たとえば中国とかのケースだと、国費で留学した中国人の留学生の大部分が本国に帰ってこないらしいんですよ。でも、僕は最近それでも良いんじゃないかってちょっと思ってて。さっき話した通りトビタテの場合は元手は税金じゃないですけど、それでも「国のお金で留学したら、日本に帰って日本に貢献するべき」っていう気持ちが前は強かったんだけど、最近はそれが全てじゃないのかも…って意識が変わってきた部分もあります。

ゲンキ: それも超賛成です。僕個人の意見としては、「税金使って留学したら帰国して国内で貢献しろ」っていう考えは非常に視野が狭くて、むしろマクロ的に見たらそのままどんどん海外に拠点を作って海外で活躍できる日本人が増える方が長期的な意味で自国への経済的文化的な貢献になるはずなんです。外貨とかも入ってきやすくなるし、その方が国際社会においても日本が「一目置かれる国」になるはずですしね。

そういう意味では「戻って貢献」とか全然考える必要無くて、どんどん外に出てって活躍して欲しいですね。で、そういう時に日の丸背負ってプレッシャー感じる必要もなくて、個人としてのびのびやるべきだと思うんです。それでいろんな人と関わる中で他の国の人に「かずきってスゴいな!」とか「おもしろいな!」って思ってもらえて、最後に「ああ、お前は日本人なのか」ってなる方が、結果的に「日本ってスゴい国かも…」ってなりますしね。

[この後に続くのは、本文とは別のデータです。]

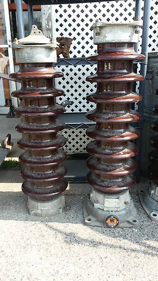 We're vacationing in St. Ignace Michigan this weekend. My husband was horrified when we stopped at an antique store and I found these lightning arrester pieces to add to my Westinghouse collection. That's the great part of driving a hatchback... you can fit 3 foot tall several hundred pound pieces of porcelain in it. He did suggest maybe we could use one for a mailbox post. The owner has a couple more if anyone is interested... |
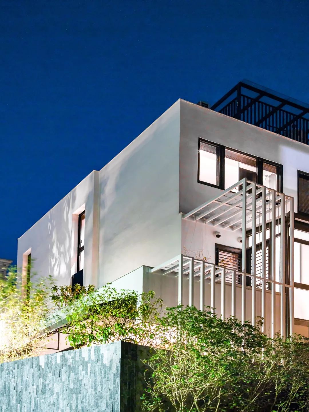 房子的外观我们重新设计,以白色和木造结构为主,最显眼的是有一大棵凤凰树种在院子。

かずき: 「留学」っていう言葉も“行って帰ってくることが前提”っていうニュアンスが強くて違和感あるな…って思うことも最近あって。海外で学んでそのまま就職とか起業とかできたら、それはそれで良いはずなので。もちろん戻ることが良くないって言いたいんじゃなくて、人によっては現地で次のステップに行く方がより成長できるケースもあると思うので、そういう選択肢も同じくらいの比重で選びやすい方が良いかも、とは思います。

僕自身は「トビタテ!留学JAPAN」は、そういう部分も受け入れてくれる懐の深さがあるプログラムだと思ってます!